What you will do> Output exactly, in the material below, the lines from the one with "Siyah mayokini, hiç" through the one with "Komplet wierteł stopniowych". Omit all pictures.

[Start of Attachment]

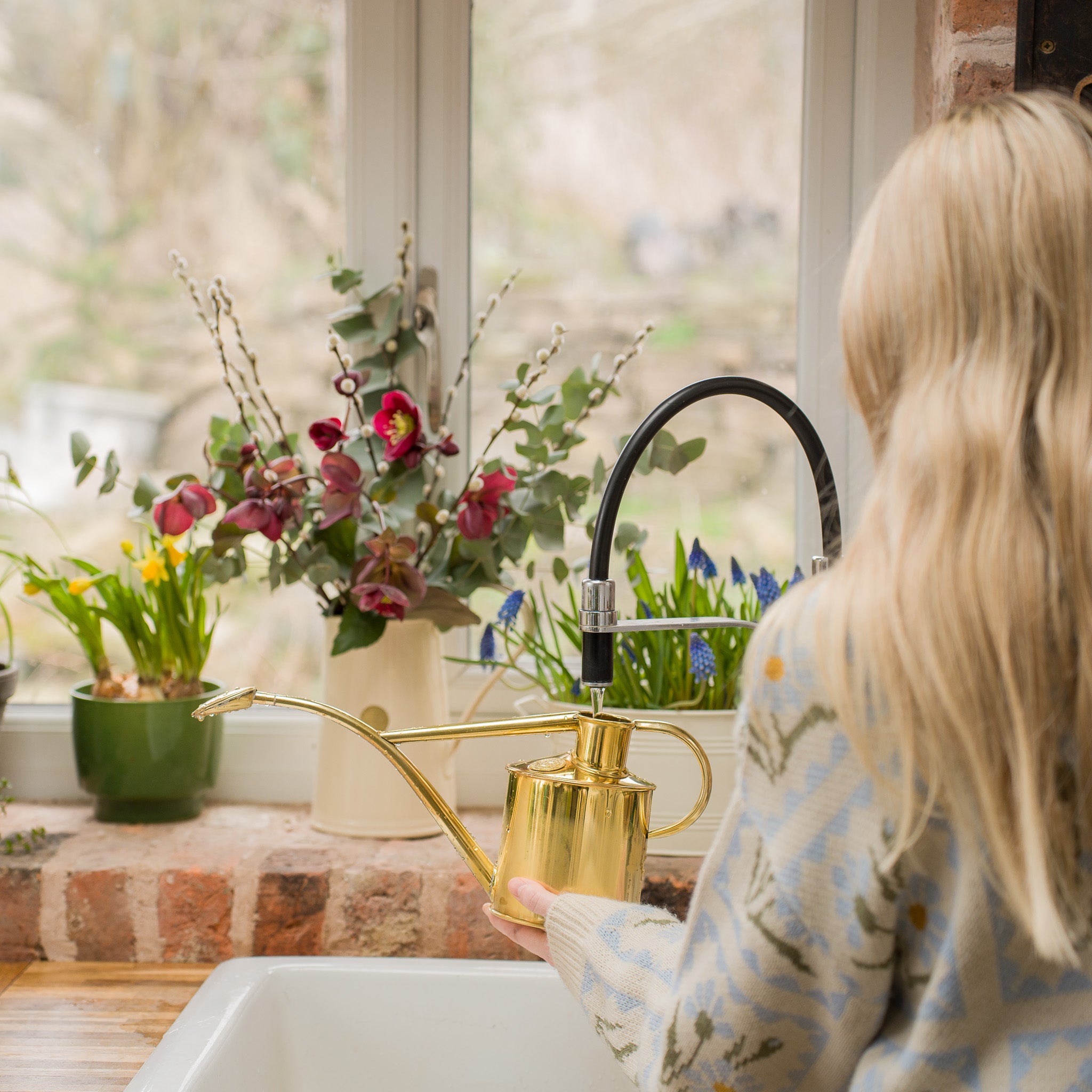 A greenhouse watering can often needs to do more than one job. Seeds and seedlings need an extra-fine rose to deliver a gentle spray that won't disturb the soil or dislodge young plants. As plants mature, she can switch to a coarser spray for speed – and a long-reach spout makes light work of far shelves and hard-to-reach corners.
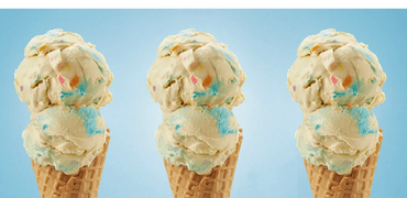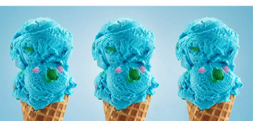 Blue ice cream with multi-colored bubble gum pieces mixed in
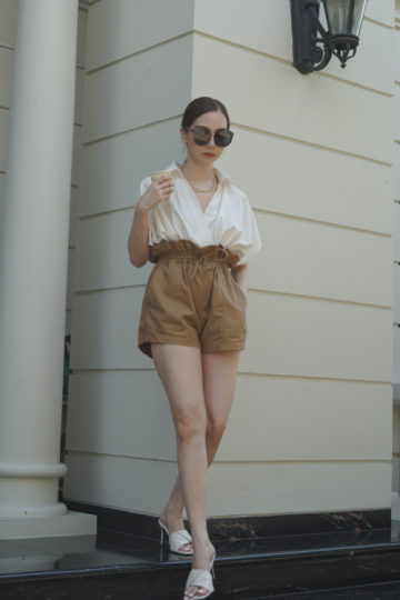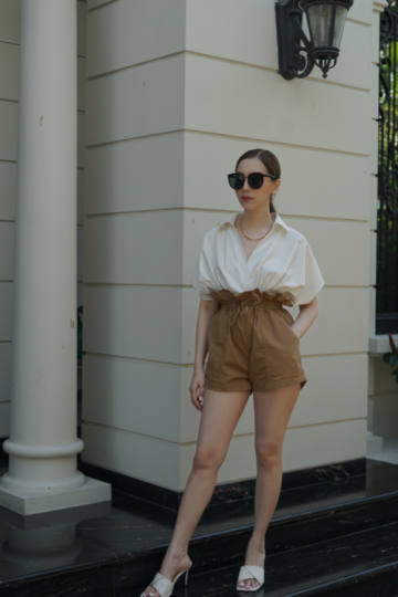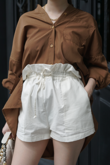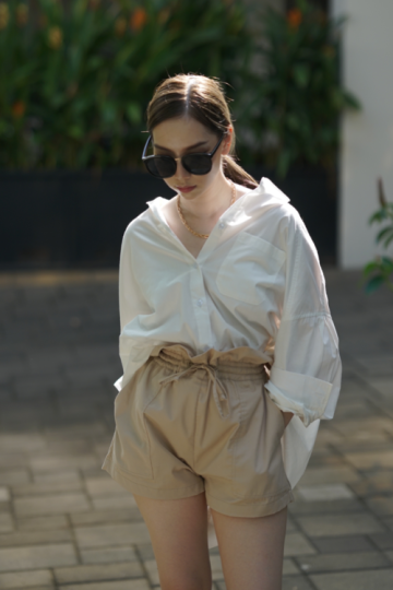 Oslo shorts is the kind of daily basic shorts that you must have! the cutting is well made to ensure it fits perfectly to your body. it has elastic waist band on the back and adjustable drawsting at the front. it comes in to 3 gorgeous neutral color. Must have!
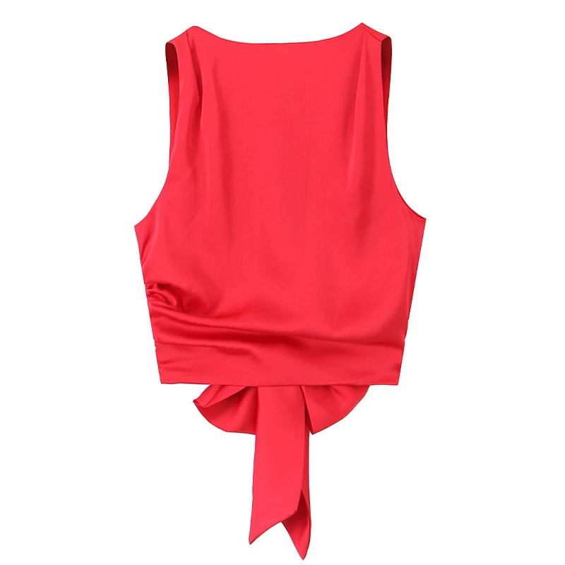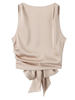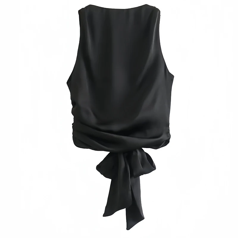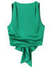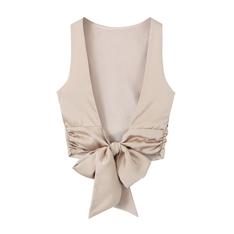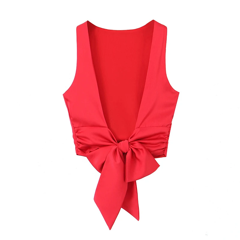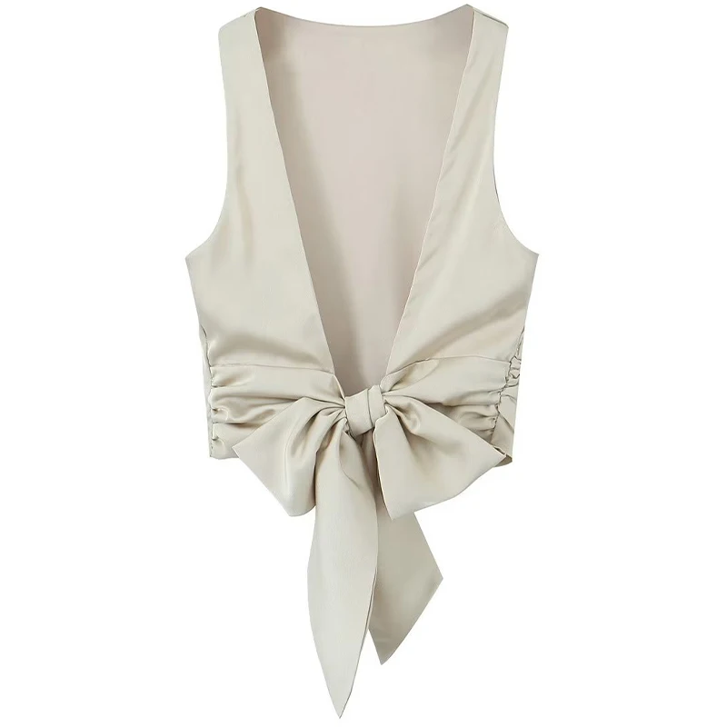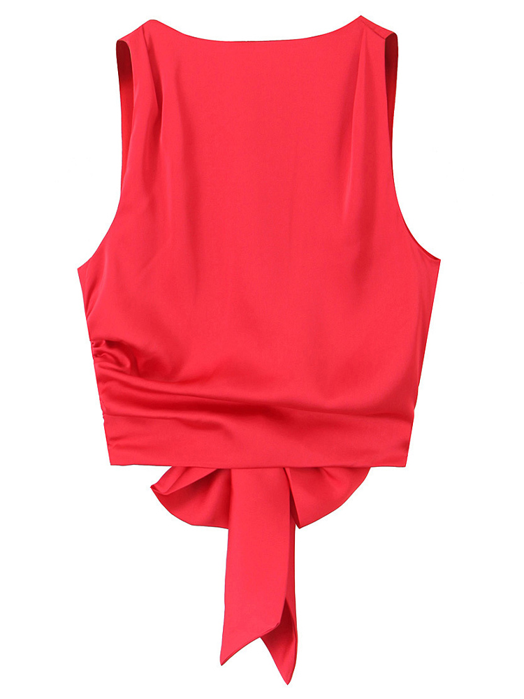 Women Fashion With Bow Solid Pleated Backless Cropped Tank Tops Vintage O-Neck Sleeveless Female Chic Lady Tops
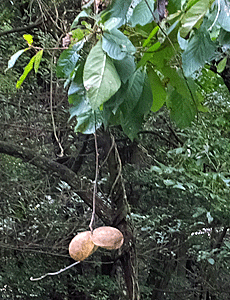 | アケビと思う:アケビ科 遠くの方にぶら下がっている実を見つけた この形は多分アケビ 足元に落ちている 中身のないアケビの実もたくさんあった |
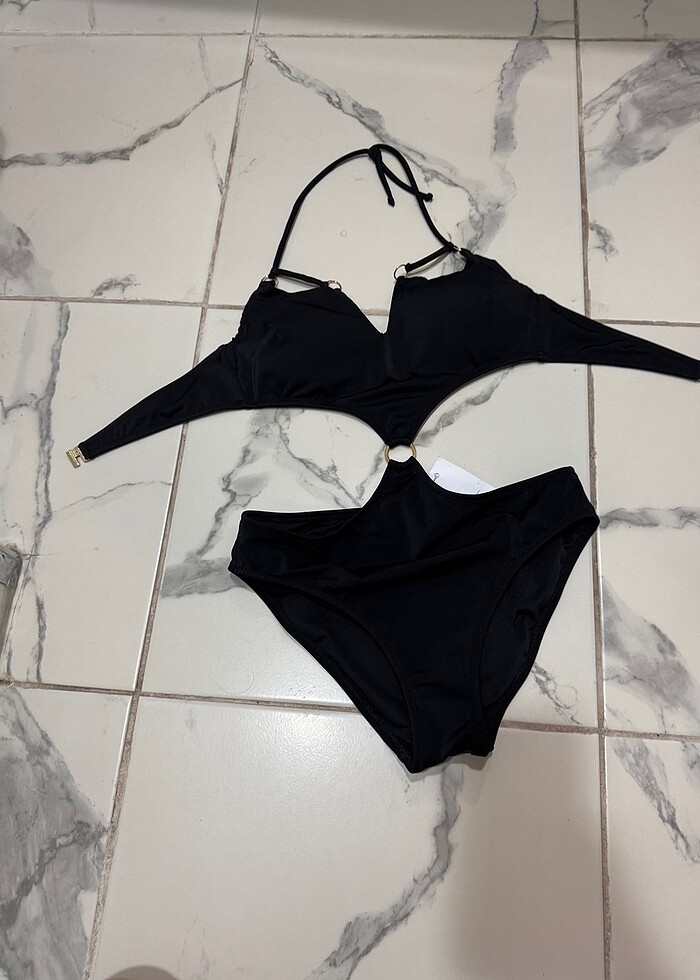 Siyah mayokini, hiç giyilmedi, etiketli şahane bir ürün. Etiketinde L beden yazıyor fakat M beden için daha uygun
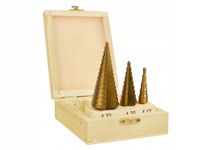 Komplet wierteł stopniowych ze stali HSS powlekanej warstwą tytanu. Zestaw pozwala na wiercenie idealnie okrągłych otworów w stali, mosiądzu, miedzi, aluminium, drewnie i tworzywie sztucznym.
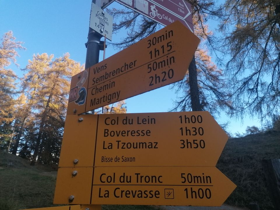 Wunderbare gemütliche Halbtages-Wanderung hoch über dem Val de Bagnes und dem Rhonetal in der nähe von Martigny. Vom Col des Planches oberhalb von Sembrancher und Vens gehts über einen schönen Gratrücken zum La Crevasse 1808m, und weiter auf den Les Blisiers 1949m. Das Panorama ins schweizerische Mont Blanc Massiv und die westlichen Berner Alpen ist grandios.
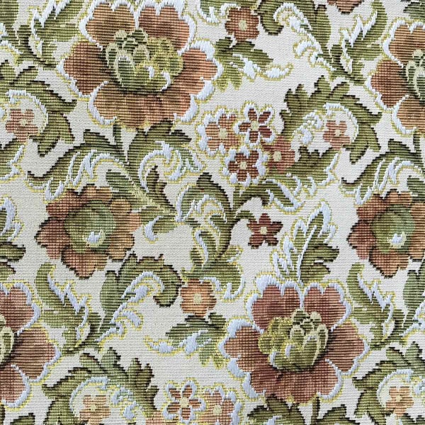 Mougins, an upholstery fabric by Antoine d'Albiousse, features a richly composed classic floral pattern. Large corollas bloom among finely drawn foliage, revealing the precision of a jacquard weave. This textile has a full, supple and lively texture, imprinted with the splendor of ancient tapestries. Each sculpted line accentuates the decorative heritage of a stylized garden.
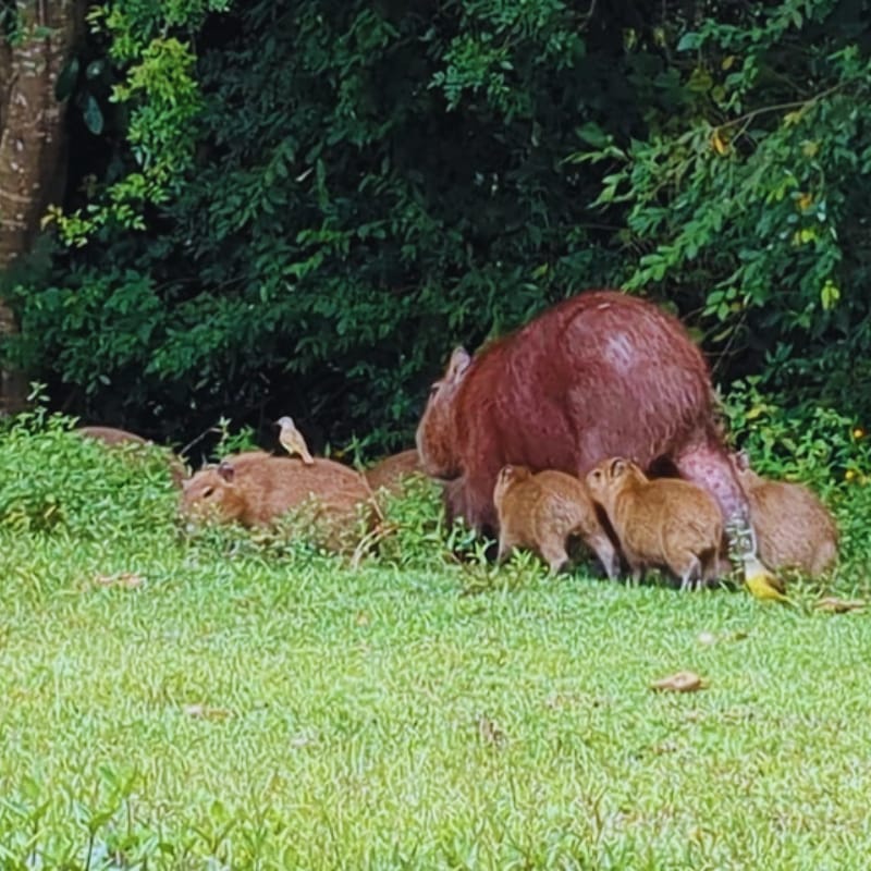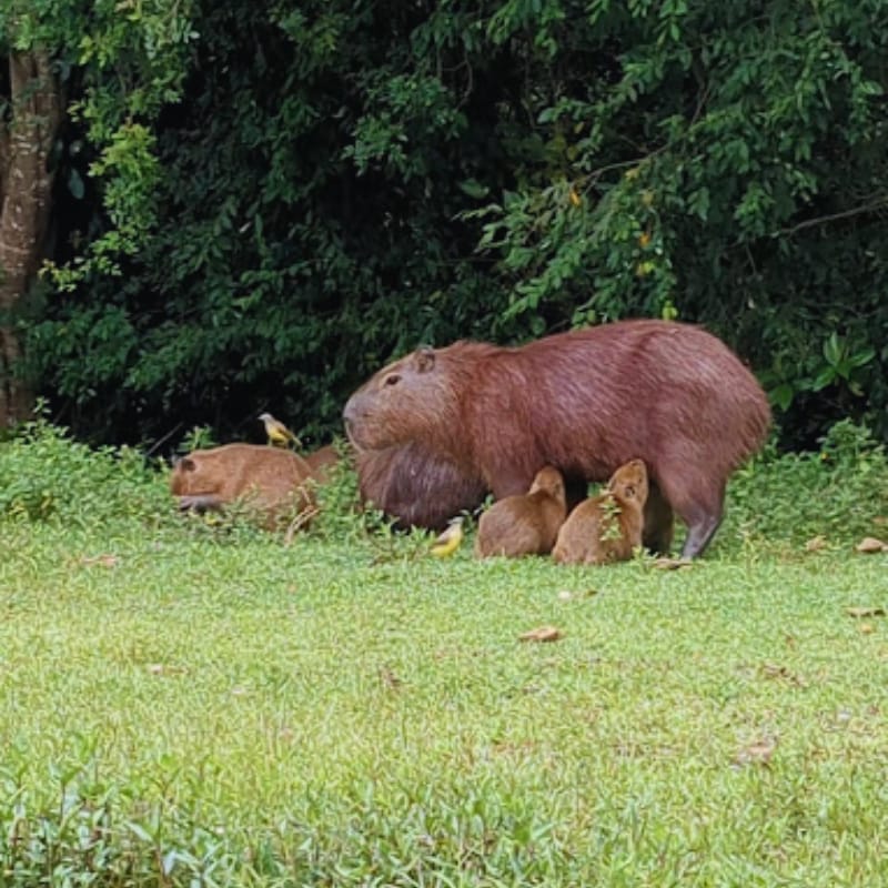 Here’s a mother capy guiding her little ones along the forest’s edge.
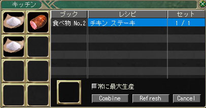 主に作るのは各種焼肉と(主にオルヴァン焼肉)パーチメントスクロールとヴェラムスクロール(トレハンで使うので消耗品)
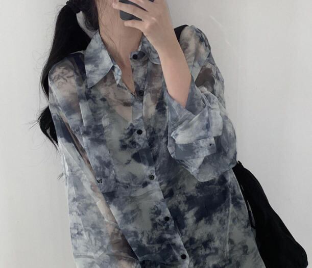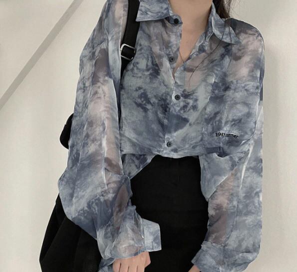 【送料無料】シャツ ブラウス トップス 長袖 タイダイ シースルー 透け感 ゆったり 無地 シンプル ベーシック カジュアル 大人 30代 40代 ブルー TP-076R
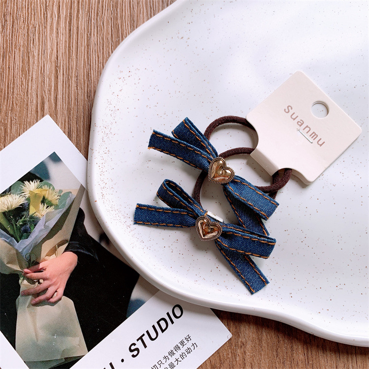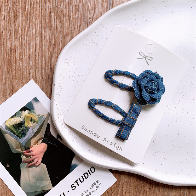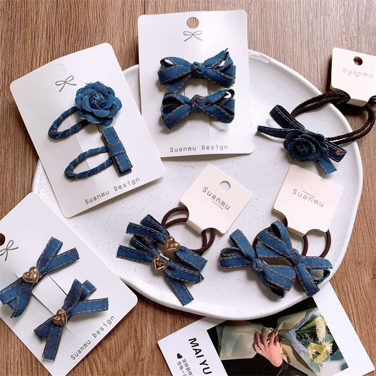 어린이 데님 원단 활 꽃 헤어핀 헤어 밴드 사이드 브로큰 머리 BB 클립 걸스 헤어 밴드스토어 가기
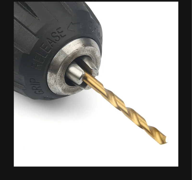 Эта модель представляет собой titanium покрытием Поворотная дрель комплект, 1-2,5 мм Размер выполнена из быстрорежущей стали, и 3 мм Размер изготовлено из высокоуглеродистой стали.
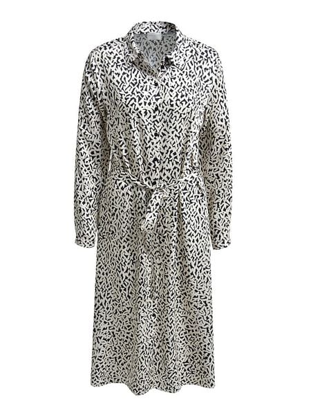 – czysta wiskoza- kołnierz: kent- zapięcie: listwa guzikowa- zakończenie rękawów: guzik- szlufki na pasek: tak- zdejmowany pasek: tkanina- krój: prosty- wzór: na całości
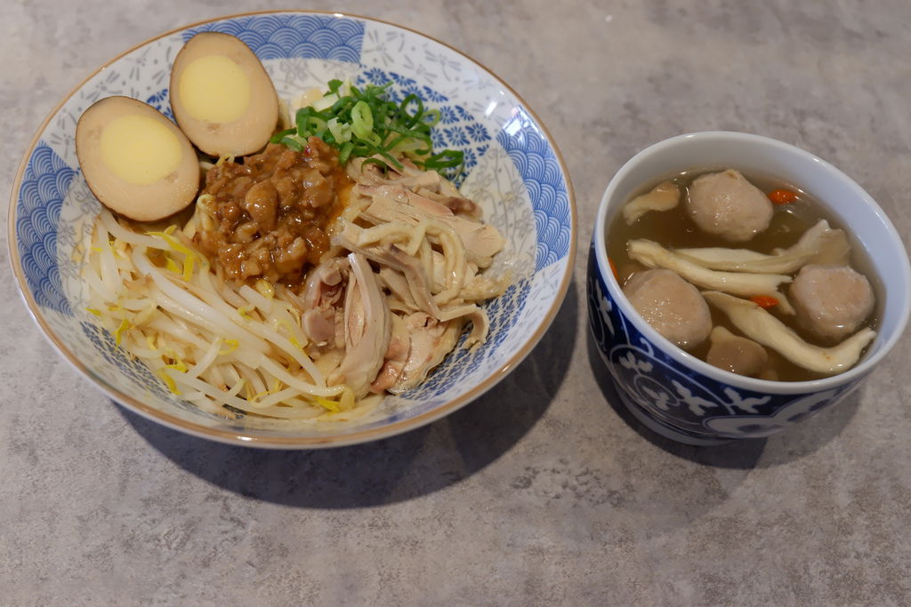 老闆不惜砸下重本,每天採購新鮮後雞腿肉並慢慢剁下切絲處理,淋上特熬肉燥和蔥花、切半的滷蛋、綠豆芽點綴擺盤,夥拌麵所選用的麵條更是成本要價不斐的手工製麵,經過多次挑選評比後挑出最滿意的手工麵條,麵條彈牙可口,Q彈有勁,真材實料且用心製作,服務態度親切用心,所有餐點也都用料上真材實料又好吃,最推薦麻辣雞絲乾拌麵還有美食家胡天蘭按讚過!美食家胡天蘭都有按讚過,可見得簡單的美食乾拌麵卻是讓人屢屢流連忘返,每次來必定要吃這一道,辣呼呼又餘韻無窮,料好實在,大碗滿意,湯是貢丸鮮菇湯,湯都是現點現做不能續湯,枸杞、杏鮑菇,3顆彈牙美味的貢丸與大骨湯熬成的好湯,用料用心實在,很適合在冷冷的冬天飲用祛寒補身!

[End of Attachment]

Answer section>
 Siyah mayokini, hiç giyilmedi, etiketli şahane bir ürün. Etiketinde L beden yazıyor fakat M beden için daha uygun
 Komplet wierteł stopniowych ze stali HSS powlekanej warstwą tytanu. Zestaw pozwala na wiercenie idealnie okrągłych otworów w stali, mosiądzu, miedzi, aluminium, drewnie i tworzywie sztucznym.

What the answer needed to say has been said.